(Task prompt) What follows is a set of records. Copy them exactly and leave out the images.

Stored items from a collection:

****************

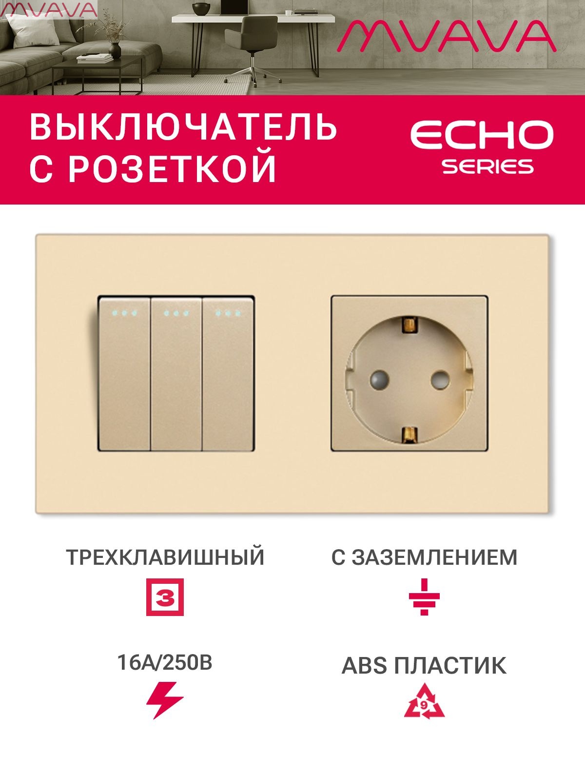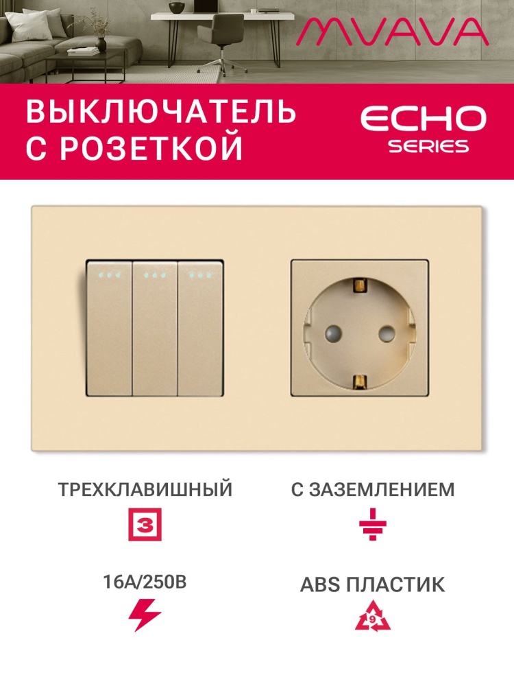 - Трех клавишный выключатель с розеткой , предназначен для включения и выключения светильников, люстр и подключения нагрузки к розетке.
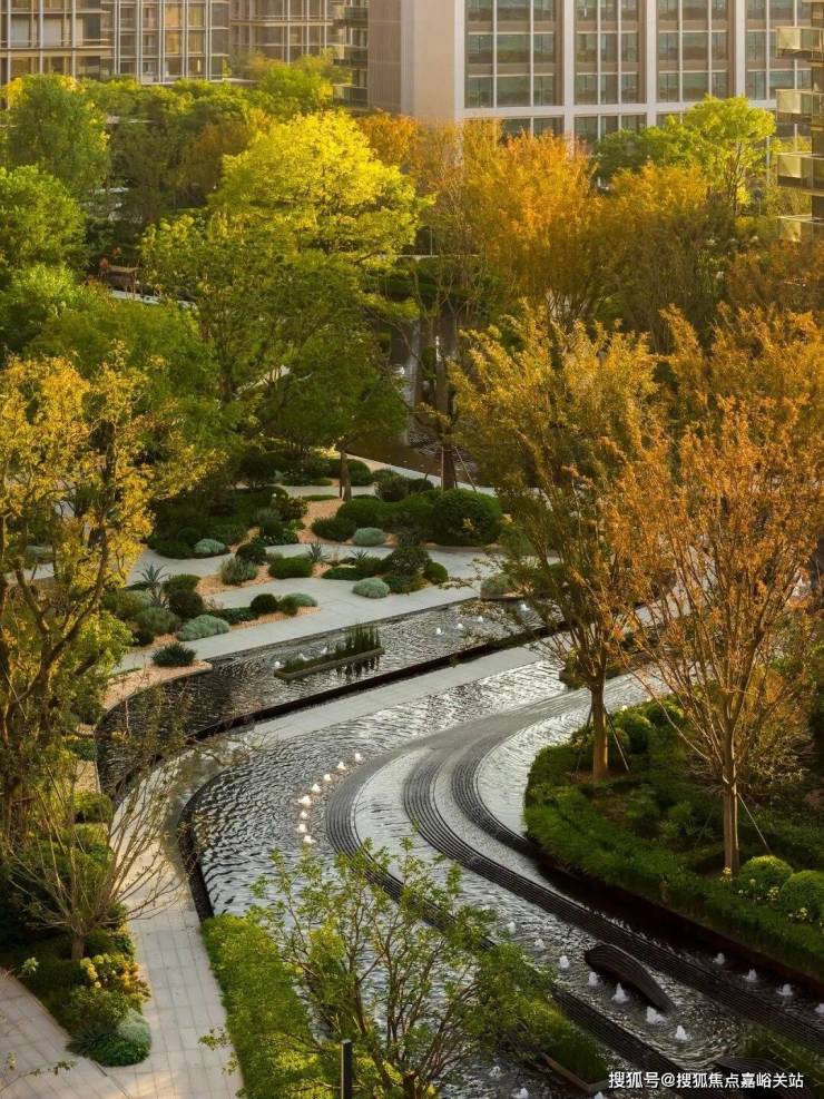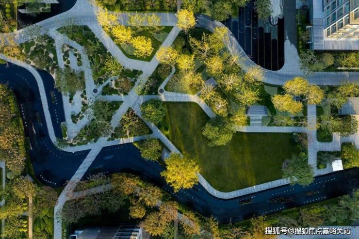 三重景观层次搭配 4:6 黄金配比的常落乔木, 春见新绿、秋赏红叶 ,让四季流转都有诗意相伴
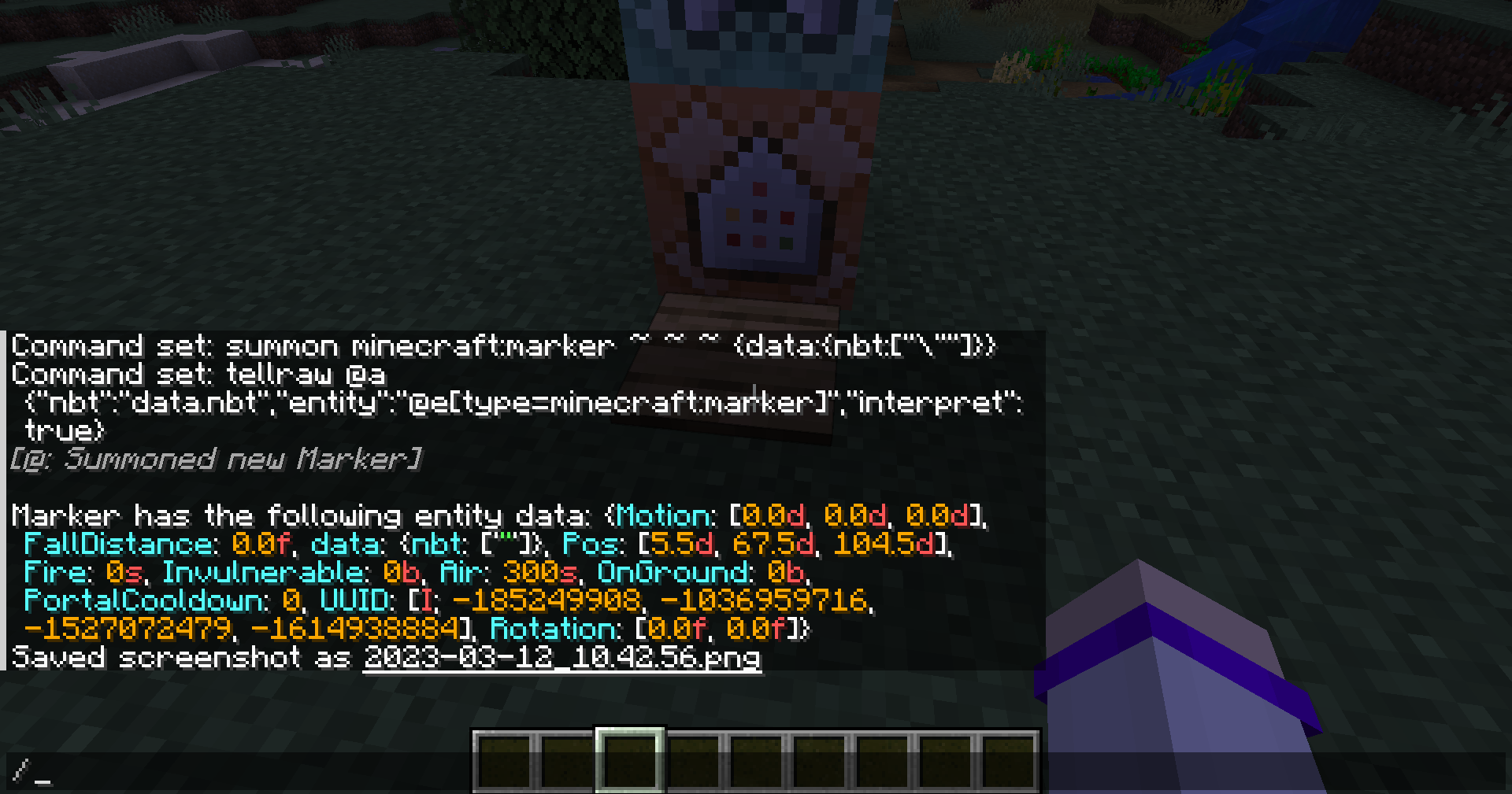 2. /data get entity @e[type=minecraft:marker,limit=1]
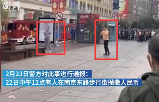 據(jù)澎湃新聞,2月22日12時左右,上海南京東路步行街有一男一女拋撒人民幣,民警接到報警后,將肇事男女帶走,并將地上的紙幣收回。初步調(diào)查,二人系姐弟,均于2019年4月被診斷為患有精神疾病。
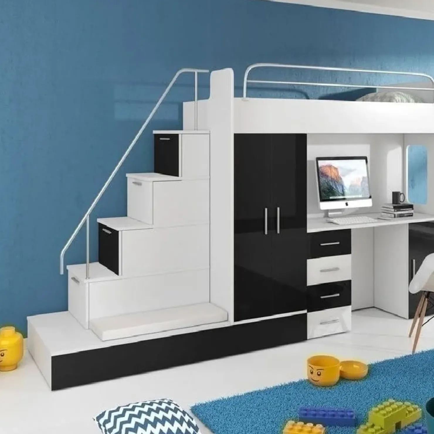 Letto a soppalco con armadio 324x180cm bianco nero 2 letti Diego Gihome® è una proposta decisamente funzionale e spaziosa, dotata di due letti, armadio e scrivania con anta e cassetti.
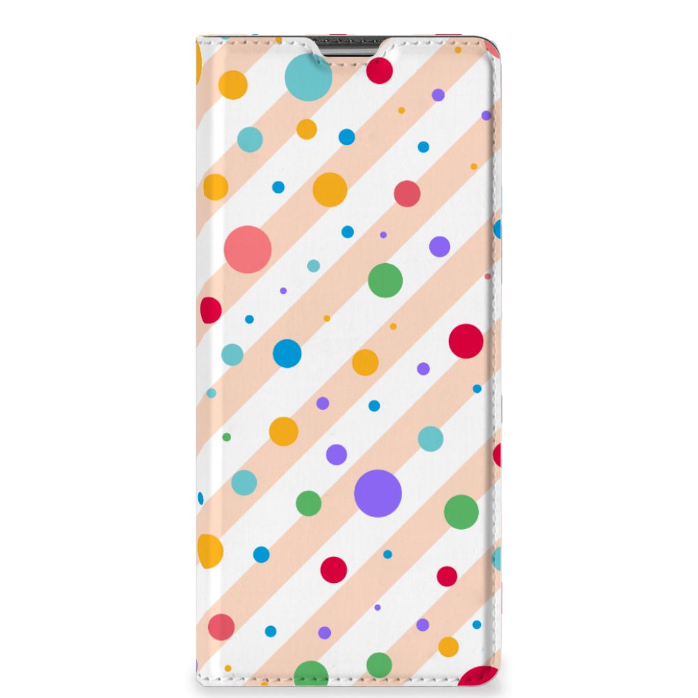 Een Sony Xperia L4 Hoesje met Magneet met verschillende kleuren stippen is een schitterende bescherming van jouw smartphone. De stand case met het design Dots in alle kleuren van de regenboog komt voor jou als geroepen. Maak je geen gebruik van dit zeer mooie hoesje, dan kan het met jouw smartphone een beetje beroerd aflopen. Dit mooie stand hoesje met verschillende kleuren stippen zorgt voor een volledige bescherming van je smartphone en wordt aan alle zijden bedrukt. Dankzij de speciale standaard kun je rustig achteroverleunend filmpjes bekijken terwijl je je handen vrij hebt. Verder is de houder aan de binnenzijde van TPU. Jouw telefoon is dus zeer goed opgeborgen en kan geen kant op. Met een hoesje met stippen in verschillende kleuren op alle zijden blijft jouw telefoon volledig in tact. Heb je liever een stand case met stippen in andere opvallende kleuren? Ontwerp dan zelf case met je eigen foto’s en teksten!

****************

(Solution to the problem)
 - Трех клавишный выключатель с розеткой , предназначен для включения и выключения светильников, люстр и подключения нагрузки к розетке.
 三重景观层次搭配 4:6 黄金配比的常落乔木, 春见新绿、秋赏红叶 ,让四季流转都有诗意相伴
 2. /data get entity @e[type=minecraft:marker,limit=1]
 據(jù)澎湃新聞,2月22日12時左右,上海南京東路步行街有一男一女拋撒人民幣,民警接到報警后,將肇事男女帶走,并將地上的紙幣收回。初步調(diào)查,二人系姐弟,均于2019年4月被診斷為患有精神疾病。
 Letto a soppalco con armadio 324x180cm bianco nero 2 letti Diego Gihome® è una proposta decisamente funzionale e spaziosa, dotata di due letti, armadio e scrivania con anta e cassetti.
 Een Sony Xperia L4 Hoesje met Magneet met verschillende kleuren stippen is een schitterende bescherming van jouw smartphone. De stand case met het design Dots in alle kleuren van de regenboog komt voor jou als geroepen. Maak je geen gebruik van dit zeer mooie hoesje, dan kan het met jouw smartphone een beetje beroerd aflopen. Dit mooie stand hoesje met verschillende kleuren stippen zorgt voor een volledige bescherming van je smartphone en wordt aan alle zijden bedrukt. Dankzij de speciale standaard kun je rustig achteroverleunend filmpjes bekijken terwijl je je handen vrij hebt. Verder is de houder aan de binnenzijde van TPU. Jouw telefoon is dus zeer goed opgeborgen en kan geen kant op. Met een hoesje met stippen in verschillende kleuren op alle zijden blijft jouw telefoon volledig in tact. Heb je liever een stand case met stippen in andere opvallende kleuren? Ontwerp dan zelf case met je eigen foto’s en teksten!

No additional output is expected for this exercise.